In the entries below, find the line with "I wanted a card", then set it down exactly along with each line after it to the end, skipping any pictures.

Data extracted from a collection
####################
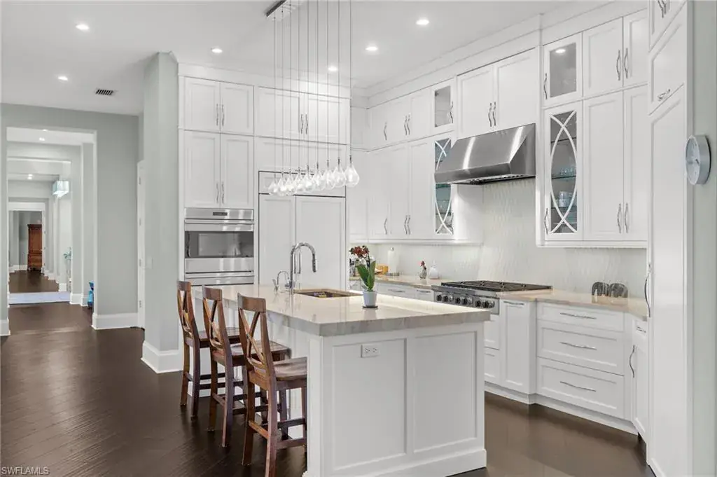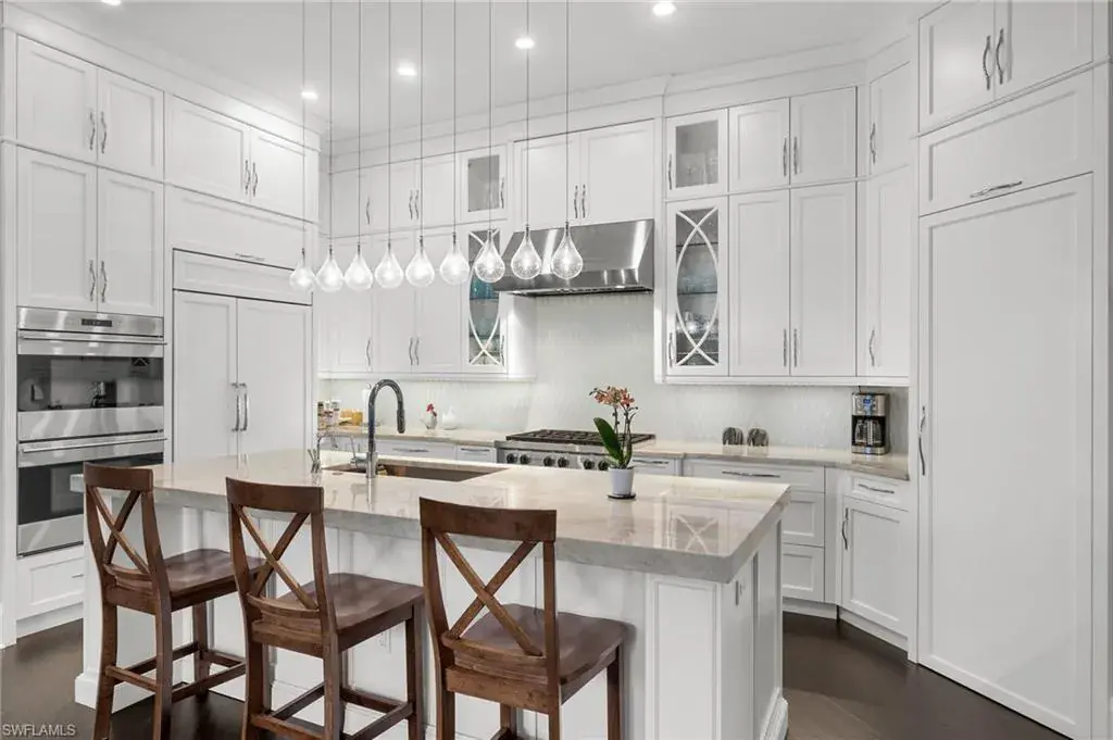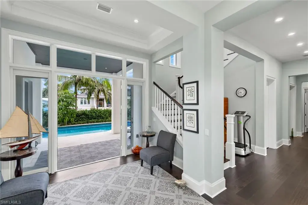 Welcome to 2275 Trout Court in prime Royal Harbor location. Custom built by local renowned builder, Big Island Builders, this exquisite waterfront home seamlessly blends the indoor outdoor lifestyle. With over 5500 square feet of casually elegant living space this 4 Bedroom, 5 full plus 1 half bath home is sited on almost 200 feet of canal frontage and is truly a boater’s dream with direct access to Naples Bay and the Gulf of Mexico. Open-concept living area featuring a Chef’s Eat-in Kitchen replete with Sub-Zero/Wolf appliances. Living Room with 60″ linear gas fireplace. Master suite on the first floor with pool access is a private sanctuary with views of the lush landscaping. Spa-like En-suite Bath and dual walk-in closets. Guest suite also with pool entry. Ascend the dramatic stairwell to the second floor or access it via your 4-stop elevator. A second Master Suite with private office plus sitting room with front and rear balconies plus additional guest suite. Third floor rooftop entertaining deck boasts stunning 360 degree bay, canal and sunset views. Saltwater pool, spa and sun shelf plus outdoor full bath. Truly exceptional.
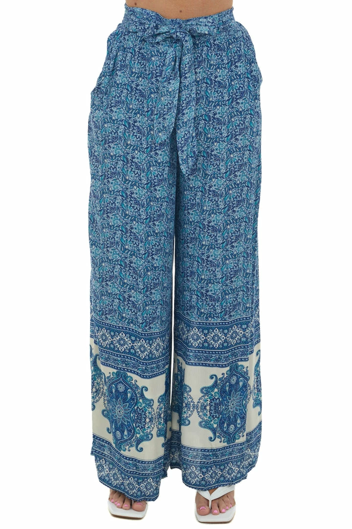 - Dusty Blue Floral Print Waist Tie Wide Leg Pants
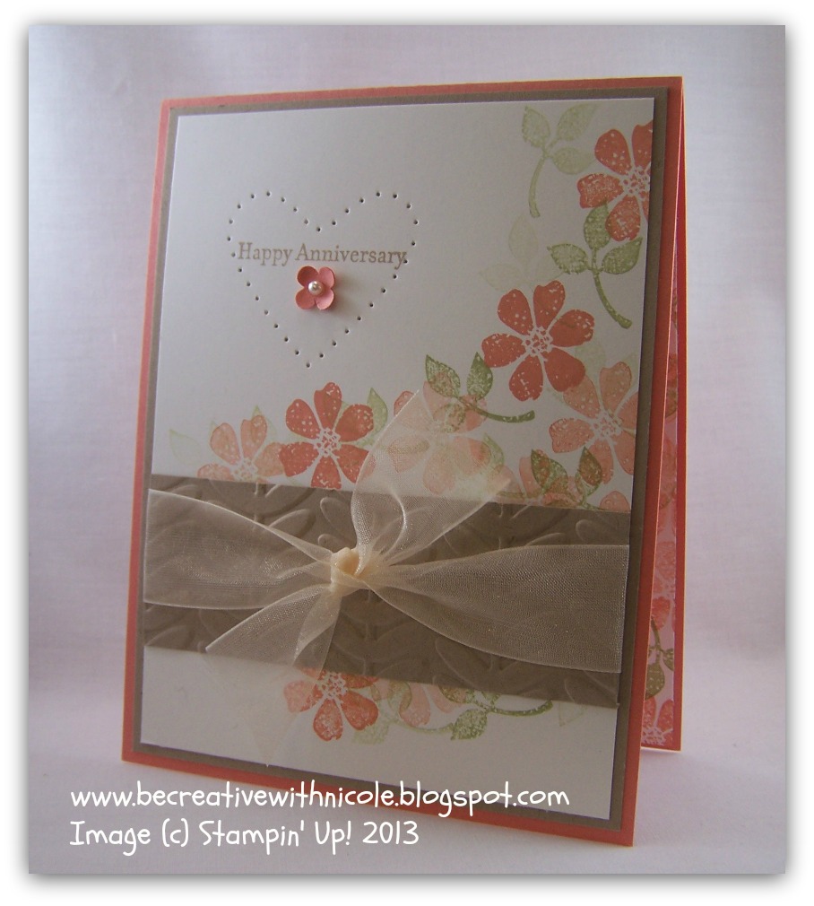 I wanted a card where I could have room to stamp the greeting and highlight it with paper piercing. This turned out perfect, I did Happy Anniversary with a heart around it and a small flower to add dimension. The Crumb Cake card stock embossed with Vine Street EF is wrapped with an old ribbon from years ago, Ivory 7/8" Organza. All in all the card is soft and pretty, just what I wanted!
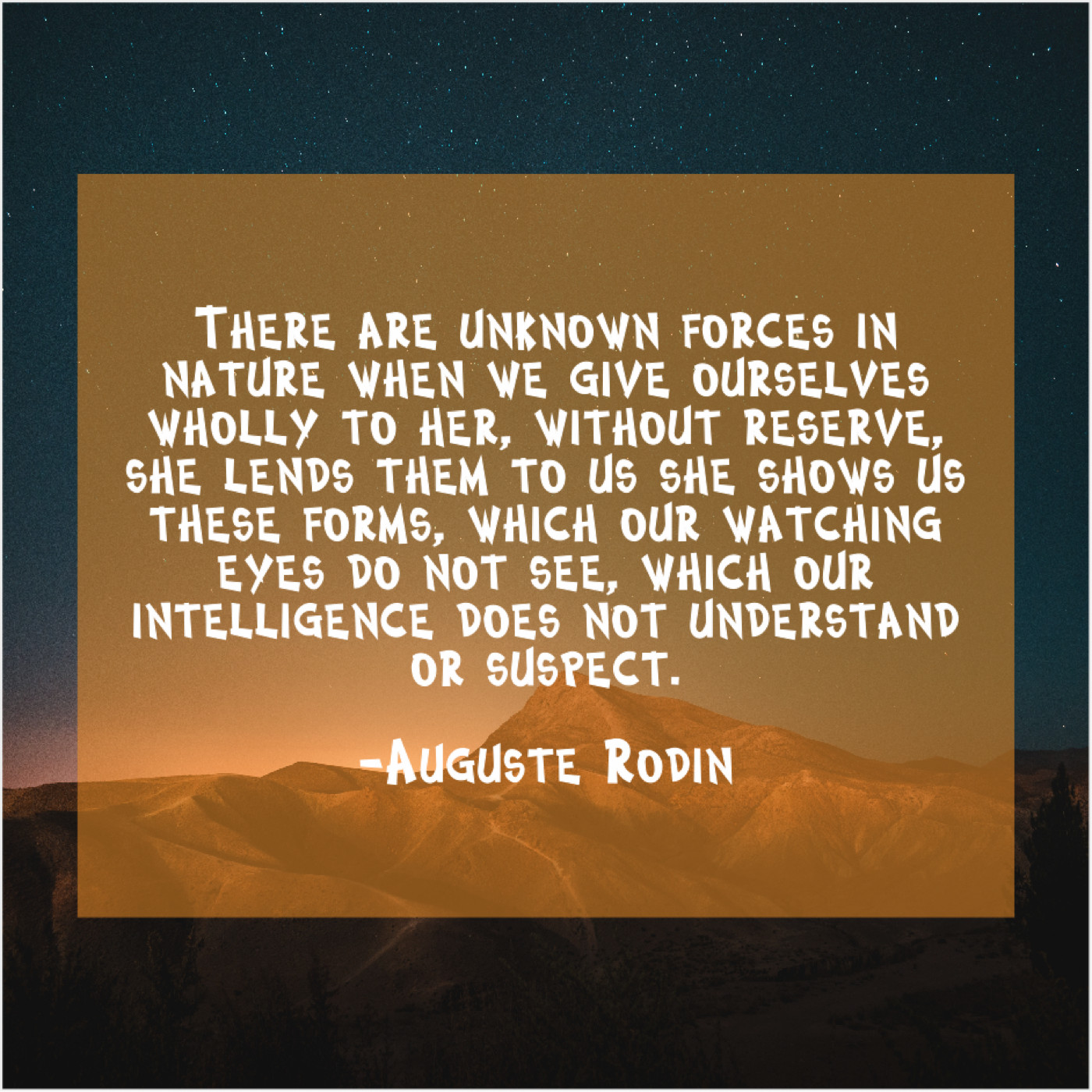 Auguste Rodin Auguste Rodin – There are unknown forces in… January 25, 2019 admin “There are unknown forces in nature when we give ourselves wholly to her, without reserve, she lends them to us she shows us these forms, which our watching eyes do not see, which our intelligence does not understand or suspect.”-Auguste Rodin
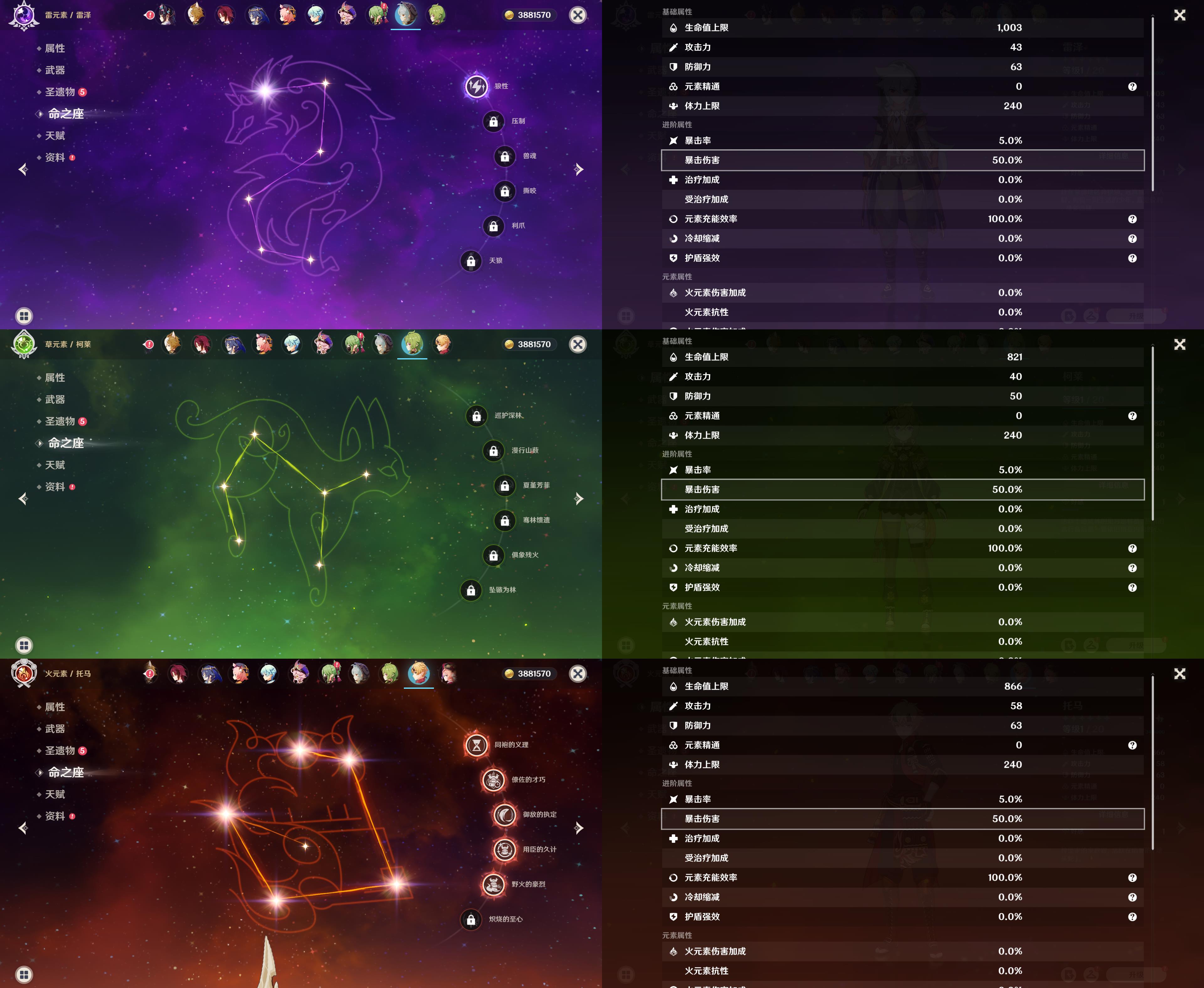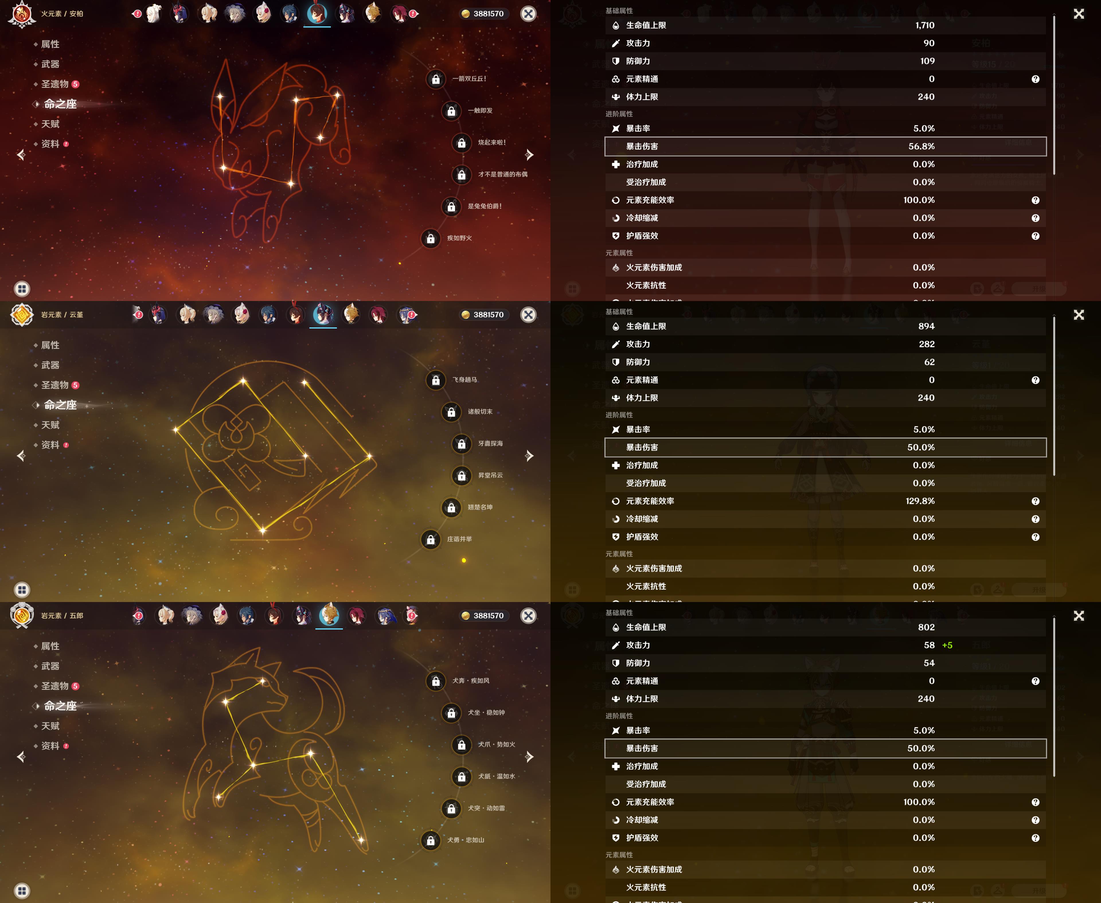 五星角色:
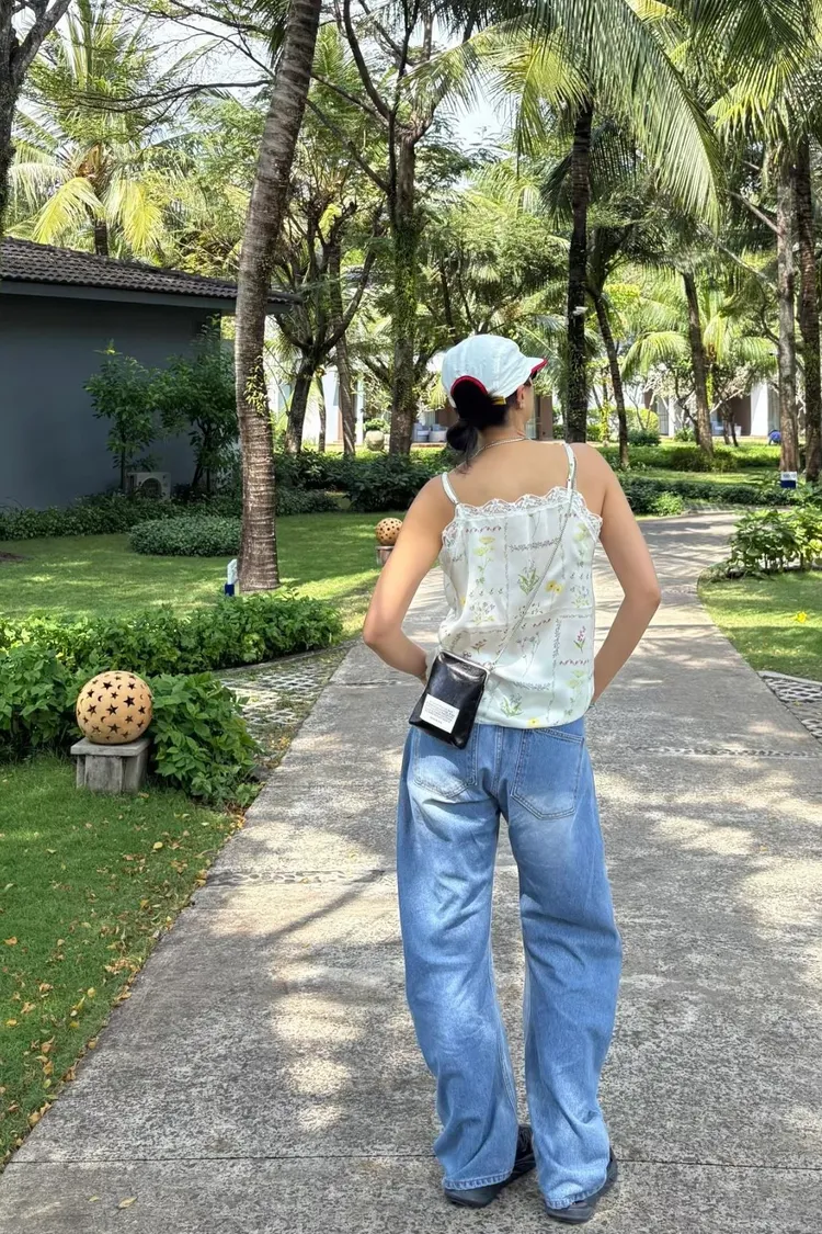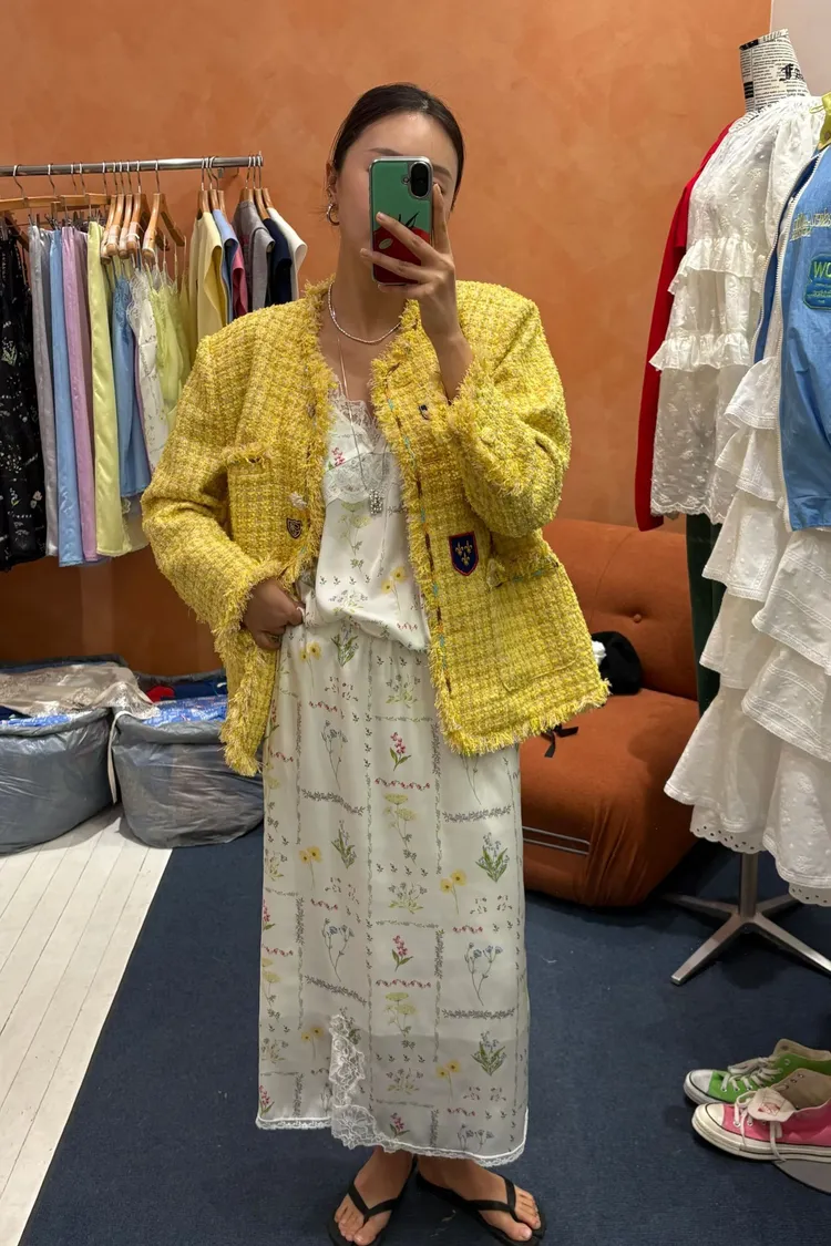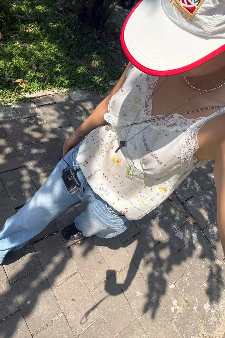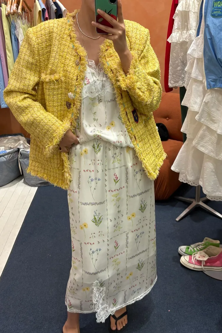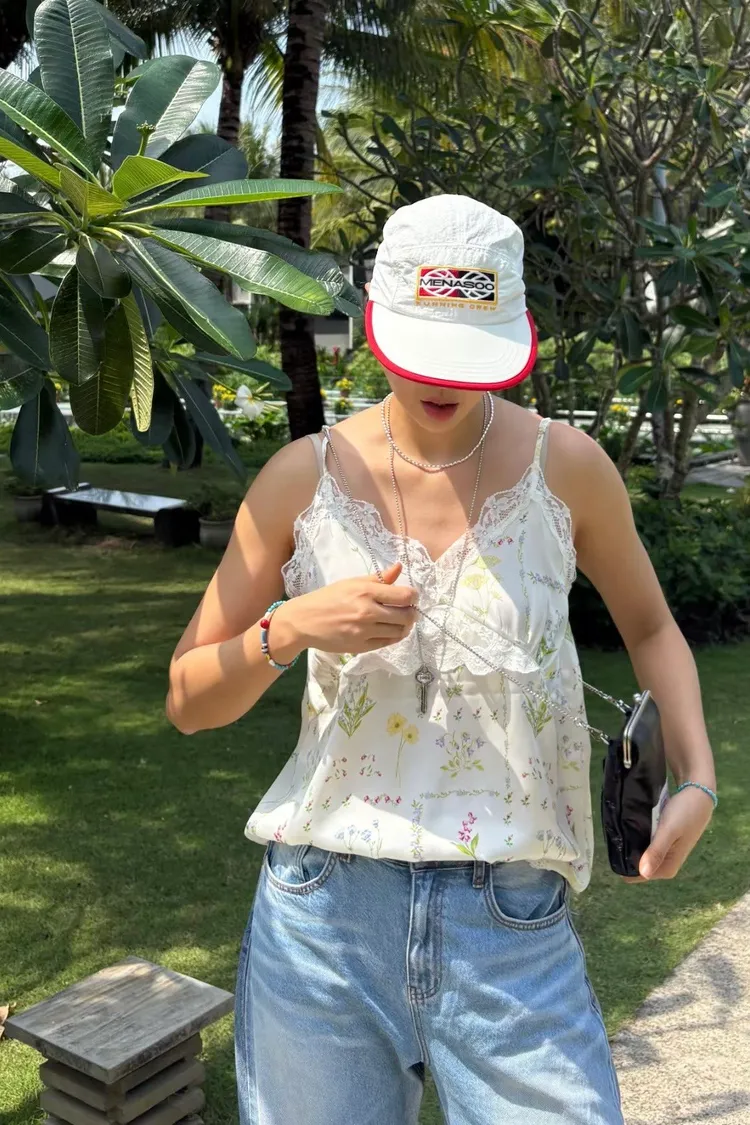 穿上就有滿滿春日浪漫感♡ 滑溜溜絲光印花面料輕盈飄逸,小寬鬆版型,S-L妞都可以穿 精緻碎花排列成格紋圖案,搭配拼接蕾絲裝飾,細節感甜美又高級 肩帶可調、可以和MRB07長裙搭配成套 相同版型,MRT12是純色款可一併參考
####################
Reply to the task:
 I wanted a card where I could have room to stamp the greeting and highlight it with paper piercing. This turned out perfect, I did Happy Anniversary with a heart around it and a small flower to add dimension. The Crumb Cake card stock embossed with Vine Street EF is wrapped with an old ribbon from years ago, Ivory 7/8" Organza. All in all the card is soft and pretty, just what I wanted!
 Auguste Rodin Auguste Rodin – There are unknown forces in… January 25, 2019 admin “There are unknown forces in nature when we give ourselves wholly to her, without reserve, she lends them to us she shows us these forms, which our watching eyes do not see, which our intelligence does not understand or suspect.”-Auguste Rodin
 五星角色:
 穿上就有滿滿春日浪漫感♡ 滑溜溜絲光印花面料輕盈飄逸,小寬鬆版型,S-L妞都可以穿 精緻碎花排列成格紋圖案,搭配拼接蕾絲裝飾,細節感甜美又高級 肩帶可調、可以和MRB07長裙搭配成套 相同版型,MRT12是純色款可一併參考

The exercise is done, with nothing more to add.